# Migrate to New Zealand



## sudipsahap (Mar 9, 2012)

Hi,

I am SAP Basis Lead consultant with 10+ years of experience and would like to migrate to New Zealand. Please suggest me what I have to do to process my visa to New Zealand. How much time it will take to process the visa. How it is different from Australian PR process? And How is the SAP job market in NZ if anyone knows.

Regards,
Sudip


----------



## escapedtonz (Apr 6, 2012)

sudipsahap said:


> Hi,
> 
> I am SAP Basis Lead consultant with 10+ years of experience and would like to migrate to New Zealand. Please suggest me what I have to do to process my visa to New Zealand. How much time it will take to process the visa. How it is different from Australian PR process? And How is the SAP job market in NZ if anyone knows.
> 
> ...


As always your first port of call is the Immigration NZ website to read through your visa options, basic requirements and criteria that you must meet.

www.immigration.govt.nz

I would say you could qualify for a residency visa via the skilled migrant route.
You will need to find out if your work and/or experience is on the skilled shortage list and what level you can claim for your qualifications.
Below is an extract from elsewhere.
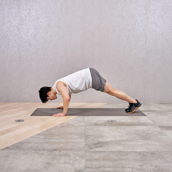 逆V字の姿勢を取るだけでも肩に負荷がかかり、腕を曲げる前からきつさを感じました。5回ほどで肩がピンポイントで疲れてきて、プッシュアップとは違う刺激だと実感しました。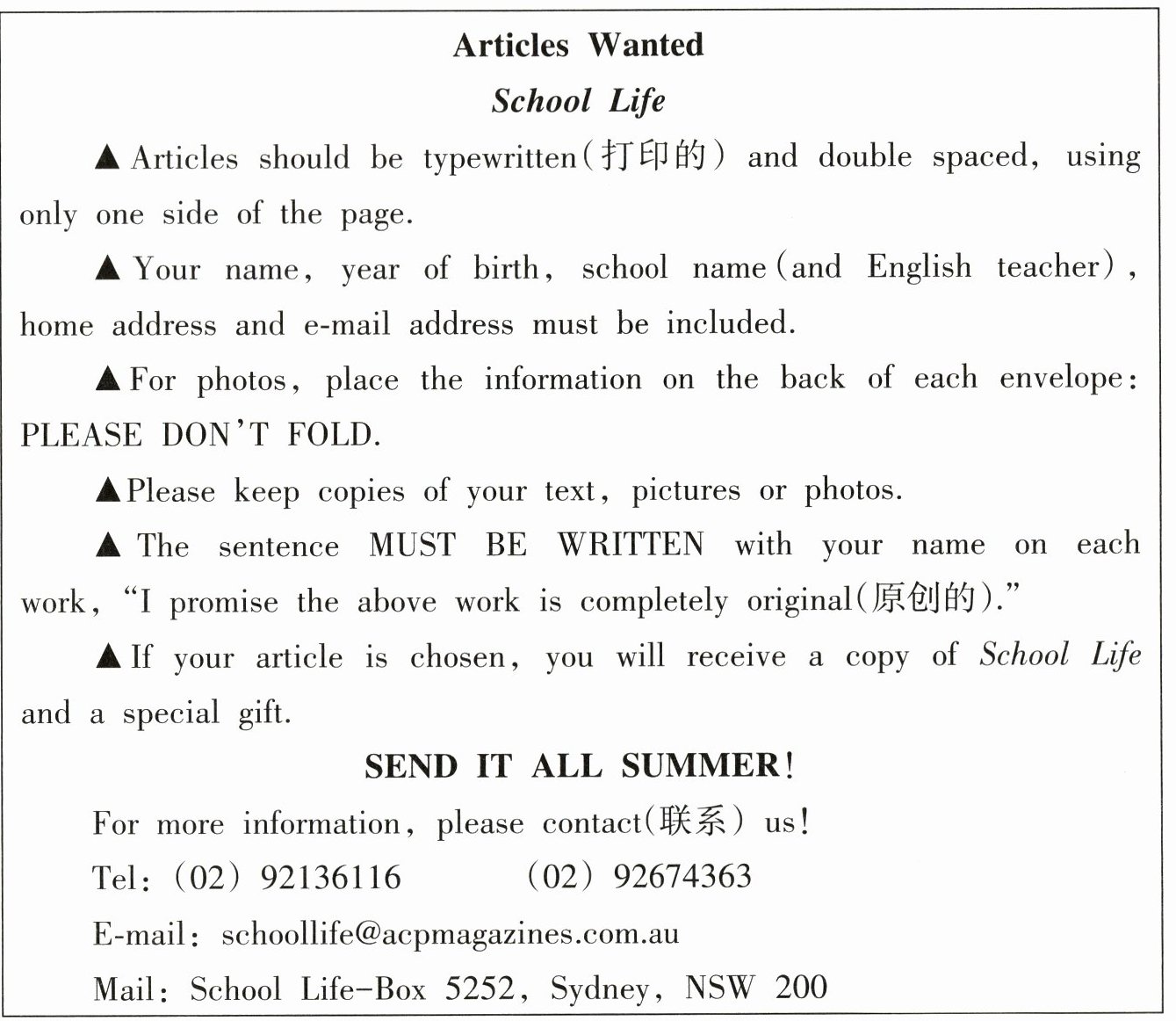 )43. According to the passage, you can send your articles ______.A. within 3 weeks B. all summer C. all the year round

Check out the Points Indicator via the Skilled Migrant route on the website to see what score you would get for your EOI.

No one can predict how long it takes as all individuals are different and Immigration consider on a case by case basis.

No idea of the Oz PR process or the SAP job market in NZ.
I'd suggest Immigration Australia website to compare the difference between Oz PR and NZ residency.
Have a look in www.seek.co.nz and www.trademe.co.nz for jobs.


----------



## topcat83 (Apr 16, 2009)

sudipsahap said:


> Hi,
> 
> I am SAP Basis Lead consultant with 10+ years of experience and would like to migrate to New Zealand. Please suggest me what I have to do to process my visa to New Zealand. How much time it will take to process the visa. How it is different from Australian PR process? And How is the SAP job market in NZ if anyone knows.
> 
> ...


Hi there
If you have good SAP experience, and good references, then you should be OK. It's certainly used in a number of large organizations around New Zealand, including Fonterra.

See SEEK - Job Search - Find jobs using multiple job search options


----------